» **REQUIRED ACTION**: Print again, word for word, all of the records below, and leave the pictures out.
(DATA SUPPLIED begins)
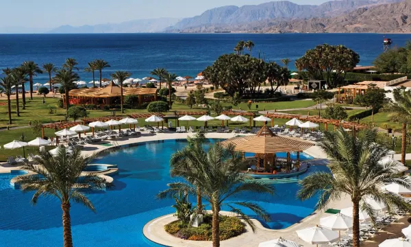Overlooking the Gulf of Aqaba at the meeting point of four countries, it has views of Jordan and Saudi Arabia. Lavish gardens, artfully designed pool areas, as well as numerous restaurants and bars, make it the perfect place for a relaxing vacation. 424 well-appointed and elegantly furnished rooms and a private beach invite you to find your peace of mind in this tranquil and stunning venue. Whether for leisure or business, we can offer you everything your heart desires.Book your getaway and count memories
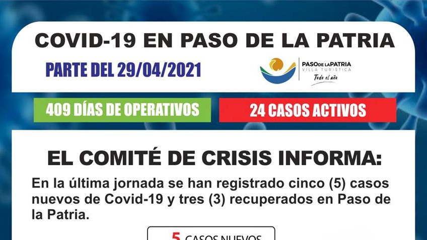 En la última jornada se han registrado cinco (5) casos nuevos de Covid-19 y tres (3) recuperados en Paso de la Patria.
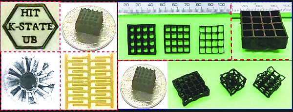 本报讯(商艳凯记者衣春翔)提到3D打印技术,大家并不陌生。日前,记者从哈尔滨工业大学得知,该校土木学院教授李惠课题组成员张强强等人以及美国部分大学研究者利用3D打印技术制备出世界上最轻的材料——超轻石墨烯气凝胶。该材料具有复杂微观结构,密度低至每立方米0.5千克,大致相当于常规环境中大米密度(约每立方米800千克)的1/ 1600,不到空气密度(约每立方米1.2千克)的1/2。 近年来,3D打印行业发展迅速,其中一个比较引人注目的领域就是石墨烯材料在3D打印中的应用。张强强等研究人员经反复试验,在国际上首次实现了具有悬空复杂拓扑纯三维石墨烯结构可剪裁设计。通俗地说,就是利用石墨烯氧化物与水的混合物作为“墨水”,通过滴落的方式,在-25℃的温度下将其3D打印到一个表面上。这样每打印出来的一层都会被冰冻住,然后在冰的支持下再打印下一层,从而构建由冰作为悬空空间“支架”的三维气凝胶结构。研究人员称,通过这一方法制备出的石墨烯材料,在多功能材料、柔性电子器件、储能单元、传感器件、生物化学催化载体、超级电容器等领域具有广阔的应用前景。 3D打印出的超轻材料。 资料片
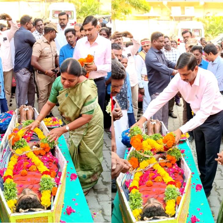 தமிழ்நாடு அரசு சார்பில் உடல் உறுப்பு தானம் செய்த தனசிங்கின் உடலுக்கு, தூத்துக்குடி அரசு மருத்துவமனை வளாகத்தில் சமூக நலன் மற்றும் மகளிர் உரிமைத்துறை அமைச்சர் பி.கீதா ஜீவன், மாவட்ட ஆட்சியர் இளம்பகவத், ஆகியோர் மலர் வளையம் வைத்து அஞ்சலி செலுத்தினர்.
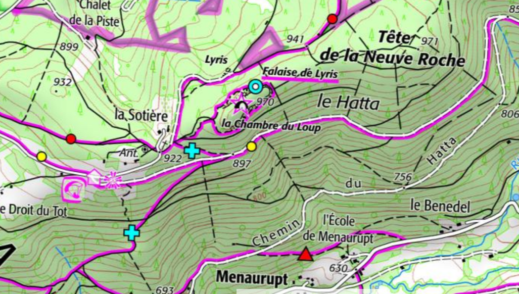 le-lent a écrit:Il commence cinq mètres au dessus du chemin de Fouchon, sur la carte au "d" de chambre du Loup et se termine à cinq mètres du bout de ladite boucle, en rose.
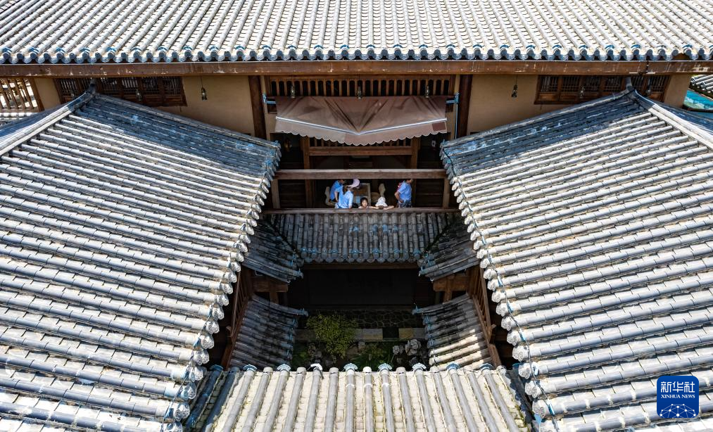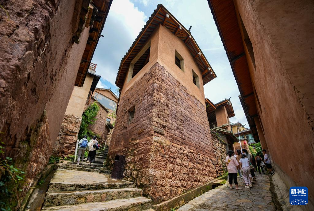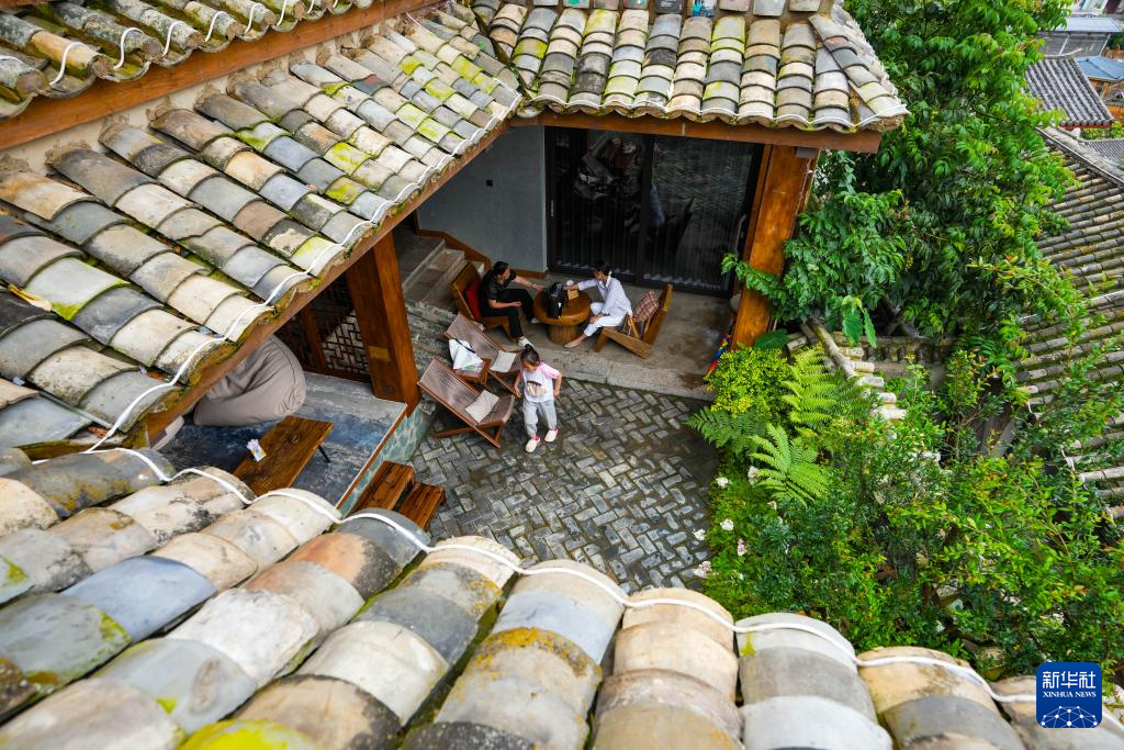 7月27日,游客在樂居村內走過修繕后的民居。新華社記者 陳欣波 攝
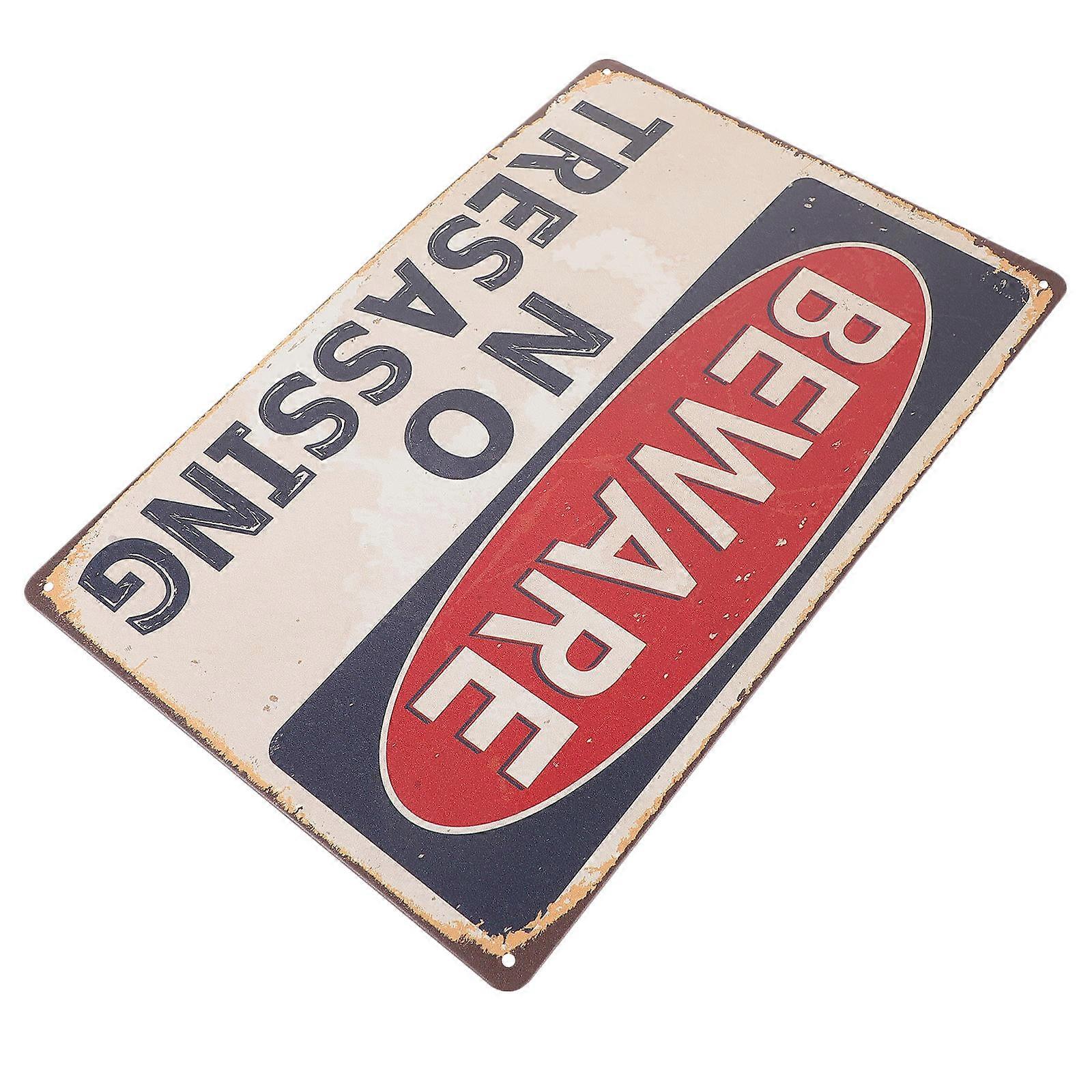 Iron Warning Sign for Yard Garden Decorative Paintings with Classic Colors Multi 4.7 x 6.3 Inches
(DATA SUPPLIED ends)
» **ANSWER SPACE**:
Overlooking the Gulf of Aqaba at the meeting point of four countries, it has views of Jordan and Saudi Arabia. Lavish gardens, artfully designed pool areas, as well as numerous restaurants and bars, make it the perfect place for a relaxing vacation. 424 well-appointed and elegantly furnished rooms and a private beach invite you to find your peace of mind in this tranquil and stunning venue. Whether for leisure or business, we can offer you everything your heart desires.Book your getaway and count memories
 En la última jornada se han registrado cinco (5) casos nuevos de Covid-19 y tres (3) recuperados en Paso de la Patria.
 本报讯(商艳凯记者衣春翔)提到3D打印技术,大家并不陌生。日前,记者从哈尔滨工业大学得知,该校土木学院教授李惠课题组成员张强强等人以及美国部分大学研究者利用3D打印技术制备出世界上最轻的材料——超轻石墨烯气凝胶。该材料具有复杂微观结构,密度低至每立方米0.5千克,大致相当于常规环境中大米密度(约每立方米800千克)的1/ 1600,不到空气密度(约每立方米1.2千克)的1/2。 近年来,3D打印行业发展迅速,其中一个比较引人注目的领域就是石墨烯材料在3D打印中的应用。张强强等研究人员经反复试验,在国际上首次实现了具有悬空复杂拓扑纯三维石墨烯结构可剪裁设计。通俗地说,就是利用石墨烯氧化物与水的混合物作为“墨水”,通过滴落的方式,在-25℃的温度下将其3D打印到一个表面上。这样每打印出来的一层都会被冰冻住,然后在冰的支持下再打印下一层,从而构建由冰作为悬空空间“支架”的三维气凝胶结构。研究人员称,通过这一方法制备出的石墨烯材料,在多功能材料、柔性电子器件、储能单元、传感器件、生物化学催化载体、超级电容器等领域具有广阔的应用前景。 3D打印出的超轻材料。 资料片
 தமிழ்நாடு அரசு சார்பில் உடல் உறுப்பு தானம் செய்த தனசிங்கின் உடலுக்கு, தூத்துக்குடி அரசு மருத்துவமனை வளாகத்தில் சமூக நலன் மற்றும் மகளிர் உரிமைத்துறை அமைச்சர் பி.கீதா ஜீவன், மாவட்ட ஆட்சியர் இளம்பகவத், ஆகியோர் மலர் வளையம் வைத்து அஞ்சலி செலுத்தினர்.
 le-lent a écrit:Il commence cinq mètres au dessus du chemin de Fouchon, sur la carte au "d" de chambre du Loup et se termine à cinq mètres du bout de ladite boucle, en rose.
 7月27日,游客在樂居村內走過修繕后的民居。新華社記者 陳欣波 攝
 Iron Warning Sign for Yard Garden Decorative Paintings with Classic Colors Multi 4.7 x 6.3 Inches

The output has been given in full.